[Dataset content]

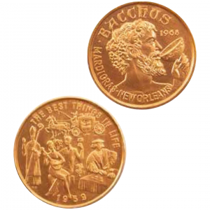 Bacchus would become known for the quality and quantity of its throws. The club’s initial parade doubloons sold at the following prices: .999 silver for $8 each, silver oxide for $3, antique bronze for $2.50 and a bag of 100 aluminum for $6.
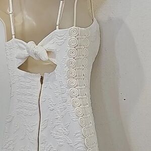 Lilly Pulitzer White Lace Brett Strapless Sweetheart Neckline Dress Gold zipper closure with tie back fully lined. adjustable straps
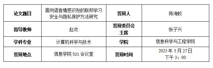 Haijiao Chen, Huan Zhao*, Yingxue Gao, Yiming Liu, Zixing Zhang*, “Parameter-efficient federal-tuning enhances privacy preserving for speech emotion recognition,” in Proc. IEEE International Conference on Acoustics, Speech and Signal Processing (ICASSP), 2025: 1-5. (EI,CCF-B类,第一作者)
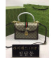 핸드백은 브랜드 시그니처 듀얼 G 패턴 캔버스로 제작
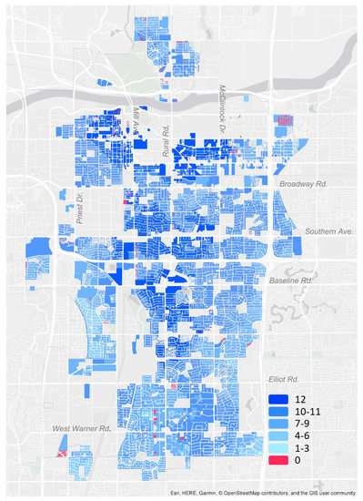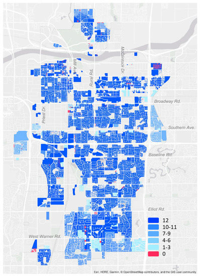 Tempe is located within the Phoenix metropolitan area and has about 190,000 people with a density of about 1850 people per square kilometer [20]. It borders the city of Scottsdale to the north, the city of Mesa to the East, the city of Chandler to the south, and the city of Phoenix to the West. Tempe is shaped roughly like a rectangle running north-south. Downtown Tempe is in the northern end of the city, bounded on two sides by the Arizona State University (ASU) campus and Tempe Town Lake. The downtown area is a mix of commercial and residential, with ample multi-family housing and rentals that cater to professionals and students. The growth of the city since the middle of last century has spread south from the historic downtown core. The further south it is, the more likely the city is to feature uni-functional land uses of single-family homes on cul-de-sacs. This geography of the city matters for the understanding of the 20-min assessment as discussed below.
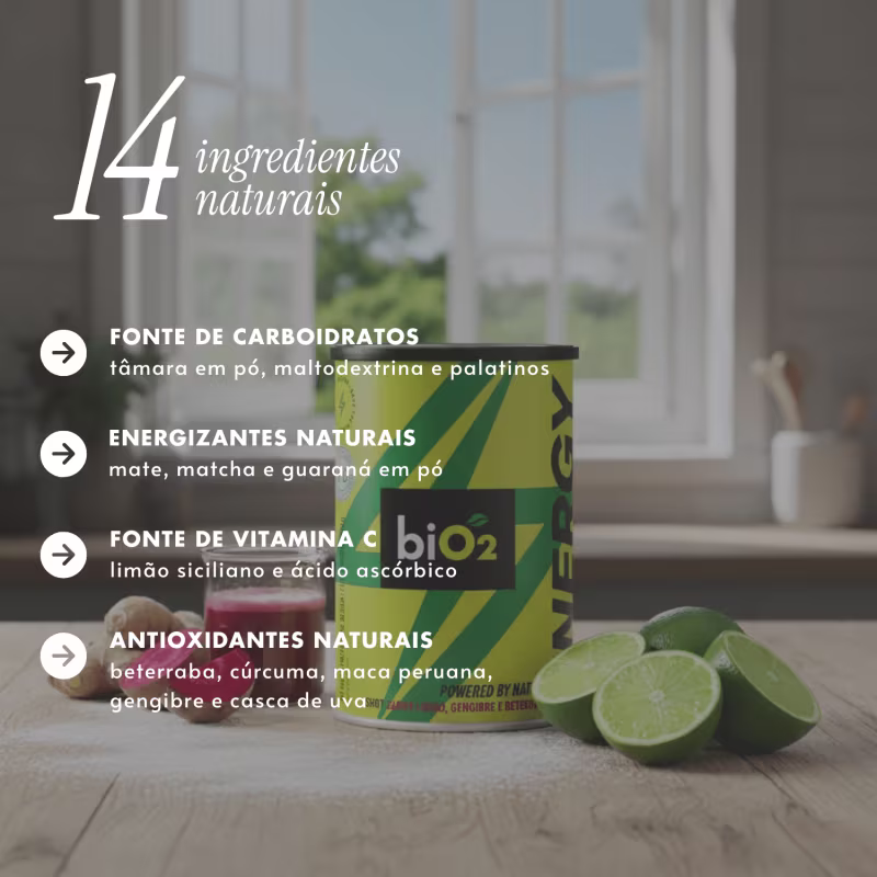 Pré Treino Energy Shot Limão, Gengibre e Beterraba 420g - biO2 Ver mais ❯
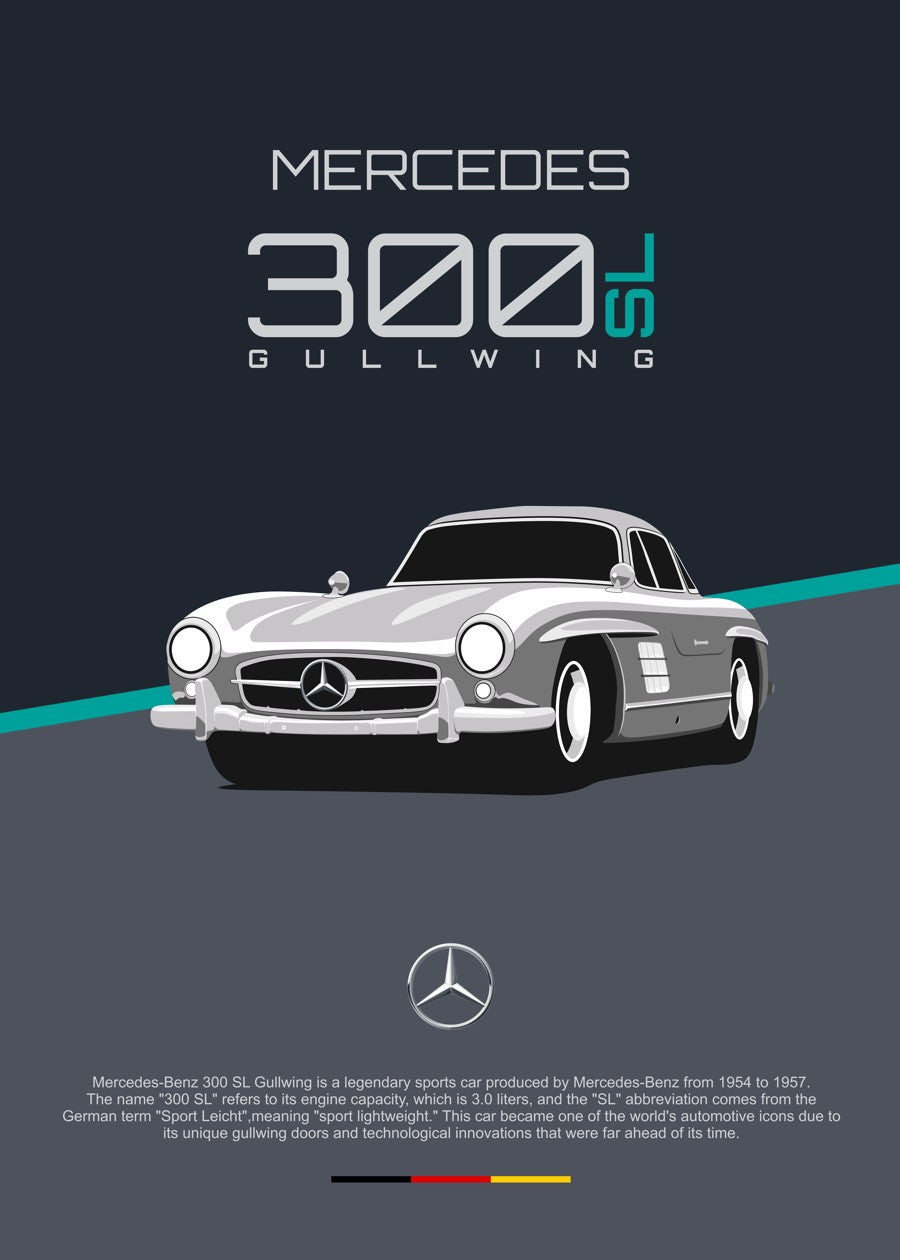 The Mercedes-Benz 300 SL Gullwing, with its iconic doors, fuel injection engine, and elegant design, stands as a timeless automotive legend.

[/Dataset content]

** What needs to be done **
The line containing "핸드백은 브랜드 시그니처 듀얼 G 패턴 캔버스로 제작" marks where the copy ends; print every line before it from the start of the records, and that line too, but no pictures.

** Result for this exercise **
 Bacchus would become known for the quality and quantity of its throws. The club’s initial parade doubloons sold at the following prices: .999 silver for $8 each, silver oxide for $3, antique bronze for $2.50 and a bag of 100 aluminum for $6.
 Lilly Pulitzer White Lace Brett Strapless Sweetheart Neckline Dress Gold zipper closure with tie back fully lined. adjustable straps
 Haijiao Chen, Huan Zhao*, Yingxue Gao, Yiming Liu, Zixing Zhang*, “Parameter-efficient federal-tuning enhances privacy preserving for speech emotion recognition,” in Proc. IEEE International Conference on Acoustics, Speech and Signal Processing (ICASSP), 2025: 1-5. (EI,CCF-B类,第一作者)
 핸드백은 브랜드 시그니처 듀얼 G 패턴 캔버스로 제작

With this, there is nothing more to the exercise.